2025/6/29
少子化が進む中、枚方市でも児童生徒数の減少が続いています。
それに伴い、「教室は余っているのにクラス替えができない」「学校が老朽化しても統廃合が進まない」など、教育現場ではさまざまな課題が深刻化しています。
「このまま学校の数や規模は今のままでいいのか?」
「限られた財源の中で、教育環境と公共施設をどう見直していくべきか?」
こうした現場の課題に対して、今、問われているのが“未来を見据えた学校の在り方”です。
そこで私は、**6月定例月議会の一般質問(6月24日)**にて、
**「学校規模適正化及び公共施設マネジメントの観点から見た今後の学校施設の在り方」**について取り上げました。

かつては6万8千人を超えていた児童生徒数も、現在はその半数以下に減少。
しかし、学校数は小学校で3校減、中学校で1校減にとどまり、構造的な見直しが行われていません。

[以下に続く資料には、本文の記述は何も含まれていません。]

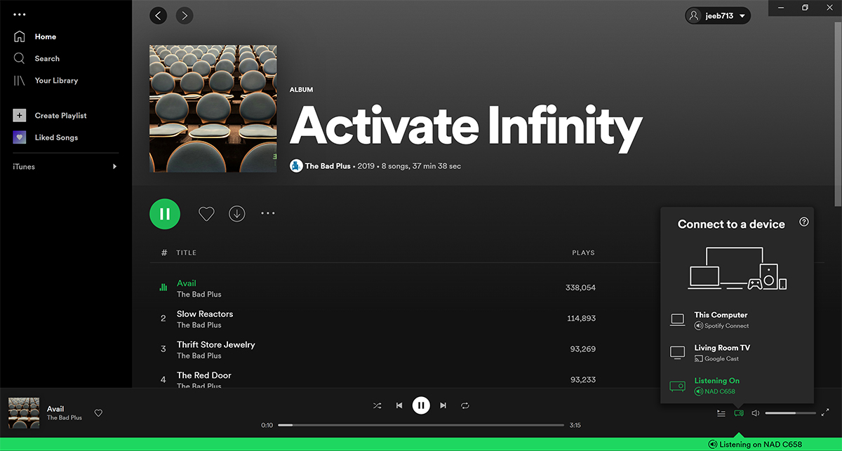 Before buying the Spectre, I sometimes used my MacBook to control music playback, sitting it on my lap while I sat in the sweet spot on the sectional sofa in our living room. And sometimes I used my iPad Mini or, occasionally, a smartphone. In addition to Roon, I’d run the BluOS Controller app that works with my NAD C 658 streaming DAC-preamp.

このアンバランスが、教育環境の悪化や施設運営の非効率化を招いています。
📝【ポイント】
令和7年度:児童数1万8,596人、生徒数9,367人(計約2万8,000人)
小中学校の施設は市有建築物の延床面積の約56%
老朽化による維持費増で、市財政への圧迫も深刻化
【📣枚方市の答弁】
児童生徒数の減少は今後も続く見通しであり、小規模校化が進行することが予見されることから、市としても将来像を見据えた教育環境整備の必要性を認識しているとの方針が示されました。

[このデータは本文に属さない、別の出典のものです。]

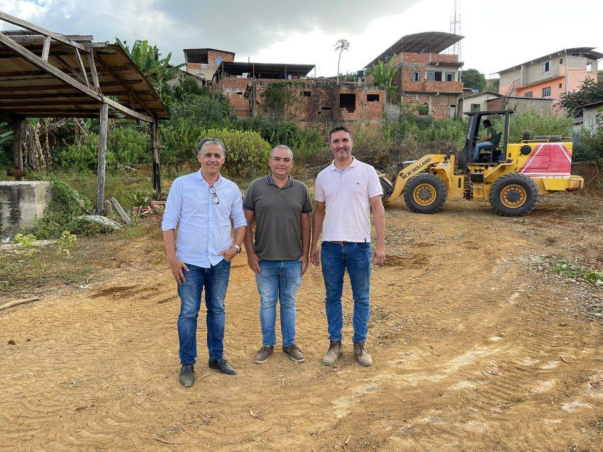 INHAPIM – Na tarde desta última segunda-feira (18), o prefeito Márcio Elias, o “Marcinho”, e o vice-prefeito Sandro Adriano, o “Sandro da Saúde” acompanhados do secretário de Obras Públicas, Welisson Abrantes Martins estiveram no bairro Esperança para acompanhar o início das obras de preparação do terreno (terraplenagem) para construção da segunda maior praça pública da história do município de Inhapim.

平成28年の審議会答申では、学校ごとに統廃合の必要性や時期が示されましたが、
それから9年が経過した今、実行されたのは旧高陵小と旧中宮北小の統合のみ。
たとえば「早期統合が必要」とされた山田地域の小中学校では、統合に向けた議論すら進んでいない状況が続いています。
✅【小規模校】:小6校・中1校
✅【過密校】:小1校(令和7年度時点)
これは、教育の質の問題であると同時に、市の意思決定スピードや実行力が問われる問題です。
【📣枚方市の答弁】
小規模校や過密校の課題は教育的・運営的にも認識しており、過去の基本方針を踏まえつつ、今後の児童生徒数や地域の状況を注視しながら、個別に対応を検討していくとしています。また、社会情勢やICTの進展を踏まえた議論が必要とされました。
私は、学校の数をただ減らすのではなく、次世代の教育環境を“再構築”する必要があると考えています。

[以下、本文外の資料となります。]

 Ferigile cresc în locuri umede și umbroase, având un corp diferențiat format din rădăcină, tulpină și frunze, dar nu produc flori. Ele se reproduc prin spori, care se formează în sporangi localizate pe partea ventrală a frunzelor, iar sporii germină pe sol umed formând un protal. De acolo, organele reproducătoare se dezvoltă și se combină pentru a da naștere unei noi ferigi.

その一つの選択肢が、全国で導入が進む義務教育学校制度です。
6月11日に、会派で視察した豊中市の「庄内さくら学園」では、小中9年間を見通したカリキュラムと学びのステージ制を導入。
中1ギャップの解消、異学年交流による社会性の育成など、多くの教育的効果が報告されています。
枚方市でも、学校再編とセットでこの制度導入の可能性を前向きに検討すべきです。
【📣枚方市の答弁】
義務教育学校制度は、今後の新たな学校のあり方として有効な選択肢であるとの認識が示され、人的・物的課題や財源の確保などを整理した上で、導入の可能性を検討していくと答弁がありました。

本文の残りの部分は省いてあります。